** WHAT YOU SHOULD DO **
Leaving out the images, return the data below exactly as it is written.

** INFORMATION PROVIDED **
· · ·

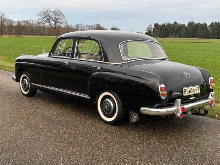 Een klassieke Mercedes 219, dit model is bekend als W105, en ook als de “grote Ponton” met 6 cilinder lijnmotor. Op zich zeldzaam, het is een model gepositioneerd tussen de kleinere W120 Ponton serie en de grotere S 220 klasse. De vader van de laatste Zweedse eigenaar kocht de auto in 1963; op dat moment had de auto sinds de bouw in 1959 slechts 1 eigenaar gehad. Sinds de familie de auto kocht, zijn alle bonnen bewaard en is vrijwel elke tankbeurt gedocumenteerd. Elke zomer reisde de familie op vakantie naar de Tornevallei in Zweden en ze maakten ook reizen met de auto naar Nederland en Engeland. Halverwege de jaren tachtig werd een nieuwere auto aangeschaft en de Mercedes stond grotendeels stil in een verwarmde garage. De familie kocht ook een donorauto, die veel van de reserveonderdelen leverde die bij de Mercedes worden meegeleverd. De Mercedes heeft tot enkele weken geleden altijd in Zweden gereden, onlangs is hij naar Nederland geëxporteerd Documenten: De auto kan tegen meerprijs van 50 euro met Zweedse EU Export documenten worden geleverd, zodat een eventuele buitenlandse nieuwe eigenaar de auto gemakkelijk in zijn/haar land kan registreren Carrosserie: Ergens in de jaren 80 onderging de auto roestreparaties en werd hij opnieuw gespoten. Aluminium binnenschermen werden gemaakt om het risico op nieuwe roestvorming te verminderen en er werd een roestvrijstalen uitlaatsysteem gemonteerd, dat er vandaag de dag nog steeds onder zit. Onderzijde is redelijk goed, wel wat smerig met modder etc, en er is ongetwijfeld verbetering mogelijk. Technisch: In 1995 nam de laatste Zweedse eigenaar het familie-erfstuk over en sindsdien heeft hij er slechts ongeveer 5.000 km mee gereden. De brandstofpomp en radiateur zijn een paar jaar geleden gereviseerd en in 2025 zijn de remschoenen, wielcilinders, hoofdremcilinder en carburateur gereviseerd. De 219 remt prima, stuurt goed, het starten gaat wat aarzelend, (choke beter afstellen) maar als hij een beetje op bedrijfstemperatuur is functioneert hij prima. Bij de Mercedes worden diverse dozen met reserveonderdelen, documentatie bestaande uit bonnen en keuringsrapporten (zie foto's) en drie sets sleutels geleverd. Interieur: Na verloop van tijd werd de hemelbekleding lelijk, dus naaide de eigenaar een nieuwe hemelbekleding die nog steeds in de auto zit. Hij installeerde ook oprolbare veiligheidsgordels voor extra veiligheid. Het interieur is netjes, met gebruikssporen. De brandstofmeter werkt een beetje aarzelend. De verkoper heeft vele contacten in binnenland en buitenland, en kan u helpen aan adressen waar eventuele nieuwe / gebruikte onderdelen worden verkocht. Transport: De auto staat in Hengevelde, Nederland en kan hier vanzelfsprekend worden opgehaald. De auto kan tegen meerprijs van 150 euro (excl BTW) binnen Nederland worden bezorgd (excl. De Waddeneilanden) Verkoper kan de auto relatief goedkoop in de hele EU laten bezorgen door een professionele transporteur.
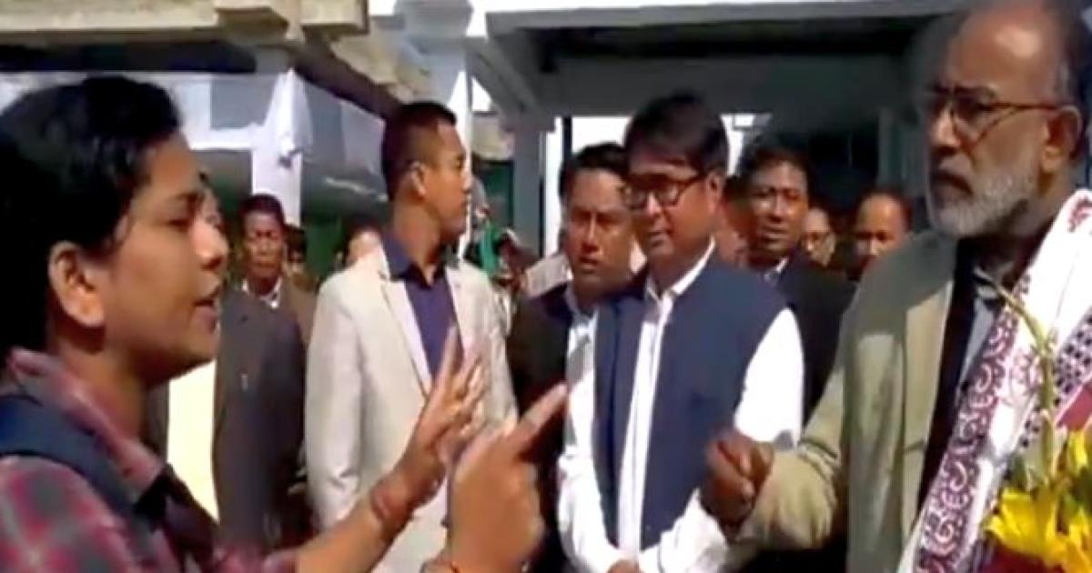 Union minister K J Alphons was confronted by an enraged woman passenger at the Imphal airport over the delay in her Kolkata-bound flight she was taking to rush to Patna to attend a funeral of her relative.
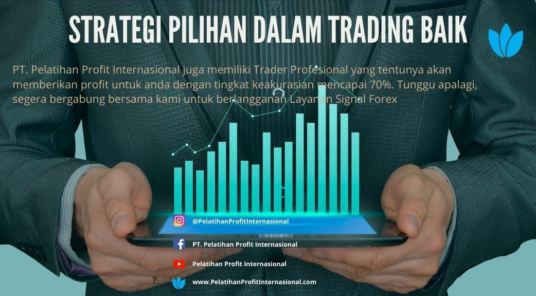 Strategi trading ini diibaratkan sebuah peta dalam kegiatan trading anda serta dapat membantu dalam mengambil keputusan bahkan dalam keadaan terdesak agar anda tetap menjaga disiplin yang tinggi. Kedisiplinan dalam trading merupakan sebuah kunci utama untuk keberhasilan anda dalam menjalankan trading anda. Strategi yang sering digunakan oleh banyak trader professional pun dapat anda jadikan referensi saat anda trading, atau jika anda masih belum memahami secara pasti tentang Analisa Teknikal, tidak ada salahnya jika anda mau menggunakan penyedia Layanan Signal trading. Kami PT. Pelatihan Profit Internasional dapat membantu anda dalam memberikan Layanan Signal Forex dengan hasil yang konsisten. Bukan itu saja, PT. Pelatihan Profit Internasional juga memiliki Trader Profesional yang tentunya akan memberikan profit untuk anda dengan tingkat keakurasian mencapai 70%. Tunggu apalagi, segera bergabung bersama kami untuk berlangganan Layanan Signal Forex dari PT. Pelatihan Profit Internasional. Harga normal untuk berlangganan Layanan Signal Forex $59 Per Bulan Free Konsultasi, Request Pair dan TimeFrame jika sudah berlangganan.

· · ·

** SOLUTION TO THE PROBLEM **
 Een klassieke Mercedes 219, dit model is bekend als W105, en ook als de “grote Ponton” met 6 cilinder lijnmotor. Op zich zeldzaam, het is een model gepositioneerd tussen de kleinere W120 Ponton serie en de grotere S 220 klasse. De vader van de laatste Zweedse eigenaar kocht de auto in 1963; op dat moment had de auto sinds de bouw in 1959 slechts 1 eigenaar gehad. Sinds de familie de auto kocht, zijn alle bonnen bewaard en is vrijwel elke tankbeurt gedocumenteerd. Elke zomer reisde de familie op vakantie naar de Tornevallei in Zweden en ze maakten ook reizen met de auto naar Nederland en Engeland. Halverwege de jaren tachtig werd een nieuwere auto aangeschaft en de Mercedes stond grotendeels stil in een verwarmde garage. De familie kocht ook een donorauto, die veel van de reserveonderdelen leverde die bij de Mercedes worden meegeleverd. De Mercedes heeft tot enkele weken geleden altijd in Zweden gereden, onlangs is hij naar Nederland geëxporteerd Documenten: De auto kan tegen meerprijs van 50 euro met Zweedse EU Export documenten worden geleverd, zodat een eventuele buitenlandse nieuwe eigenaar de auto gemakkelijk in zijn/haar land kan registreren Carrosserie: Ergens in de jaren 80 onderging de auto roestreparaties en werd hij opnieuw gespoten. Aluminium binnenschermen werden gemaakt om het risico op nieuwe roestvorming te verminderen en er werd een roestvrijstalen uitlaatsysteem gemonteerd, dat er vandaag de dag nog steeds onder zit. Onderzijde is redelijk goed, wel wat smerig met modder etc, en er is ongetwijfeld verbetering mogelijk. Technisch: In 1995 nam de laatste Zweedse eigenaar het familie-erfstuk over en sindsdien heeft hij er slechts ongeveer 5.000 km mee gereden. De brandstofpomp en radiateur zijn een paar jaar geleden gereviseerd en in 2025 zijn de remschoenen, wielcilinders, hoofdremcilinder en carburateur gereviseerd. De 219 remt prima, stuurt goed, het starten gaat wat aarzelend, (choke beter afstellen) maar als hij een beetje op bedrijfstemperatuur is functioneert hij prima. Bij de Mercedes worden diverse dozen met reserveonderdelen, documentatie bestaande uit bonnen en keuringsrapporten (zie foto's) en drie sets sleutels geleverd. Interieur: Na verloop van tijd werd de hemelbekleding lelijk, dus naaide de eigenaar een nieuwe hemelbekleding die nog steeds in de auto zit. Hij installeerde ook oprolbare veiligheidsgordels voor extra veiligheid. Het interieur is netjes, met gebruikssporen. De brandstofmeter werkt een beetje aarzelend. De verkoper heeft vele contacten in binnenland en buitenland, en kan u helpen aan adressen waar eventuele nieuwe / gebruikte onderdelen worden verkocht. Transport: De auto staat in Hengevelde, Nederland en kan hier vanzelfsprekend worden opgehaald. De auto kan tegen meerprijs van 150 euro (excl BTW) binnen Nederland worden bezorgd (excl. De Waddeneilanden) Verkoper kan de auto relatief goedkoop in de hele EU laten bezorgen door een professionele transporteur.
 Union minister K J Alphons was confronted by an enraged woman passenger at the Imphal airport over the delay in her Kolkata-bound flight she was taking to rush to Patna to attend a funeral of her relative.
 Strategi trading ini diibaratkan sebuah peta dalam kegiatan trading anda serta dapat membantu dalam mengambil keputusan bahkan dalam keadaan terdesak agar anda tetap menjaga disiplin yang tinggi. Kedisiplinan dalam trading merupakan sebuah kunci utama untuk keberhasilan anda dalam menjalankan trading anda. Strategi yang sering digunakan oleh banyak trader professional pun dapat anda jadikan referensi saat anda trading, atau jika anda masih belum memahami secara pasti tentang Analisa Teknikal, tidak ada salahnya jika anda mau menggunakan penyedia Layanan Signal trading. Kami PT. Pelatihan Profit Internasional dapat membantu anda dalam memberikan Layanan Signal Forex dengan hasil yang konsisten. Bukan itu saja, PT. Pelatihan Profit Internasional juga memiliki Trader Profesional yang tentunya akan memberikan profit untuk anda dengan tingkat keakurasian mencapai 70%. Tunggu apalagi, segera bergabung bersama kami untuk berlangganan Layanan Signal Forex dari PT. Pelatihan Profit Internasional. Harga normal untuk berlangganan Layanan Signal Forex $59 Per Bulan Free Konsultasi, Request Pair dan TimeFrame jika sudah berlangganan.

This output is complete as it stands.